Also on today's show an with the man who led the CDC's fight against the NRA and Republicans in Congress twenty years ago, when federal funding for research into gun violence and prevention was effectively ended. First up, the shooting and stabbing death of British Labour Party MP Jo Cox, has stunned the UK, just days before the controversial "Brexit" referendum vote on whether to leave the European Union. The alleged killer is in custody, and reportedly shouted "Britain First", the name of one of the Rightwing groups opposed to staying in the Union, during the attack.
Next, the Democrats' 15-hour 'filibuster' in the US Senate, lead by Sen. Chris Murphy (D-CT), comes to end with an apparent victory, of sorts. The Senator — who served as Newtown, CT's member of Congress when the Sandyhook Massacre resulted in the deaths of 20 school children and 6 adults back in 2012 — sought to force Republicans to allow votes on closing the gun show/online background check loophole, as well as legislation to disallow suspected terrorists from easily and legally purchasing guns. In related news, President Obama's spoke on Thursday after meeting with family members of the victims of last weekend's Orlando Massacre, and called once again for action to help prevent such tragedies.
Then, as the American Medical Association (AMA), one of the nation's most powerful lobbying organizations, has finally come out in favor of federal funding for gun research, I speak with Dr. Mark Rosenberg, who headed the Center for Disease Control (CDC)'s National Center for Injury Prevention twenty years ago when, in 1996, he squared off with Republicans in Congress who ultimately forced the federal agency to end all research into gun violence, the causes behind it, and how to help prevent it from happening in the first place.
Rosenberg, who recently retired as head of the Task Force on Global Health, explains the history of what is now known as the 'Dickey Amendment', which effectively served to end all federal research on guns. He describes his initial confrontations with then US Rep. Jay Dickey (R-AR), who has since, ironically enough, become a friend and ally, and why still-absent federal research funding is so important to helping curb the nation's extraordinary gun violence epidemic.
"The NRA had been attacking us [the CDC] for years, because they thought that to allow research to be done might not be good for gun sales. And so they developed a zero tolerance policy," Rosenberg tells me. "They told their members that it's either-or, black and white, take your choice. Either you can do the research or you can keep your guns. But they said you can't do both. And if you allow the research, we will all lose all of our guns."
The showdown with GOPers doing the bidding of the NRA at the time, he says, came not long after CDC-funded research found that "having a gun in the home —- not only did it not protect you, but it increased the risk that someone in your family would be shot and killed with a gun, not by 5 or 6 or 20 percent, not by 80 or 90 percent, but more than 200 percent."

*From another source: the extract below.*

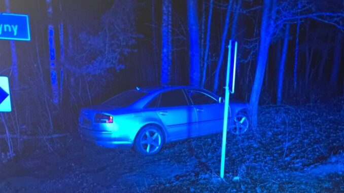 Po krótkiej chwili kierujący audi stracił panowanie nad pojazdem, zjechał do pobliskiego rowu i uderzył w drzewo.
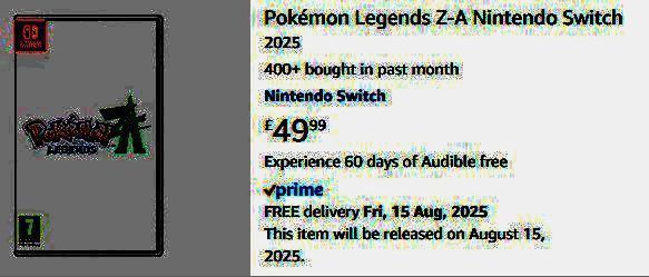 近日,英国亚马逊突然将《宝可梦传说Z-A》的预购发售日期标记为了2025年8月15日,如果一款游戏没有发售日期的话,那么其默认的日期应该是2025年12月31日(占位符)。目前,该页面已经恢复至了默认的2025年12月31日,考虑到英国亚马逊与任天堂关系良好,它们提前获得游戏发售日期的可能性并不小。

Rosenberg explains his fascinating history with former Congressman Dickey, how federal research is not actually "banned" to this day (despite reporting to the contrary), why it is still not carried out nonetheless, and what he describes as the four "basic scientific questions" that federal research could help answer. Namely: "Who gets shot, how many people?"; "What are the causes" of gun death and injury and "what increases and decreases the risk"?; What could "work to prevent it"?; and, "once you find things that work, how do you put them into legislation and craft a policy that will both keep us safe and protect the rights of law-abiding gun owners"? It's an eye-opening and important discussion that I hope you'll take some time to listen to and share. And, finally, at the end of the show, as your gift, you'll be rewarded with a much-overdue laugh, courtesy of Al Franken. Enjoy!